In order to better solve the problem of false positive in the detection of Aphelenchoides besseyi Christie and establish a stable,efficient and low cost detection system for millet seed of parasitic nematodes,using millet seed of nematodes Jigu 20 as experimental materials,the number of nematode eluted by medical cotton gauze,coarse nylon gauze and thin nylon gauze was compared.Three effect methods of DNA extraction,namely,cutting,freeze-thaw,enzymatic lysis were designed and compared in order to check their efficiency of DNA extraction from singlenematode.A total of 109 millet seed samples from different seed companies in 2018,2020 and 2021 were detected by the system.The final detection system was as follows:1.5 g seeds were wrapped in thin nylon gauze and soaked for 4 h,then the elution was mixed and counted under microscope for nematode quantification; the single nematode DNA was extracted by enzymatic lysis and characterized by PCR amplification with specific primers.The pathogenic nematodes were molecular-identified as Aphelenchoides besseyi.A total of 4 seed samples from 109 millet seed samples with 5 nematodes per 1.5 g were detected.The system with nematode quantification and qualification can be used for rapid detection of nematodes in large quantities of millet seed,providing technical support for the early diagnosis,monitoring,and prevention and control of millet nematode disease.
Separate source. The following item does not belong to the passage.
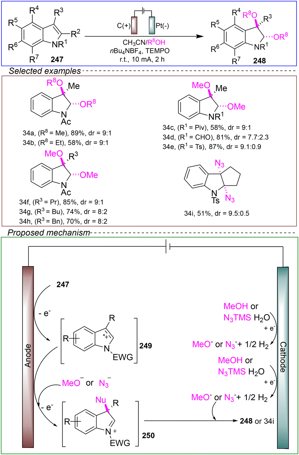 The proposed reaction mechanism was elucidated through CV and control experiments. Initially, the N-substituted indole 247 undergoes direct oxidation at the anode to form the radical cation intermediate 249. Methoxy or azide anions generated at the cathode can react at the C3 position of 249 while oxidation occurs at the anode. This process can occur simultaneously or can involve the initial addition of a nucleophile to 249, generating a radical intermediate that is subsequently oxidized. The resulting cationic intermediate 250 is captured by another methoxy or azide molecule, ultimately leading to the formation of either 248 or 34i, as these products are more stable. In the case of 3-substituted indoles, methoxy or azide groups preferentially trans-add to avoid electronic repulsion. This reaction contrasts with the diazotization reactions developed by Lin for alkenes, where oxidative catalysis involving NaN3 transfers azide–manganese radicals that add to alkenes, followed by capture by a second azide–manganese radical.

Key words: Millet nematode disease, Aphelenchoides besseyi, DNA extraction, Specific PCR, Rapid diagnosis

CLC Number:

ZHANG Mengya, GONG Keke, DONG Zhiping, LIU Jia, MA Jifang, WANG Yongfang, LIU Lei, QUAN Jianzhang, LI Zhiyong, BAI Hui. Establishment and Application of Detection System for Millet Seed with Aphelenchoides besseyi[J]. Acta Agriculturae Boreali-Sinica, 2025, 40(S1): 248-255. doi: 10.7668/hbnxb.20194844.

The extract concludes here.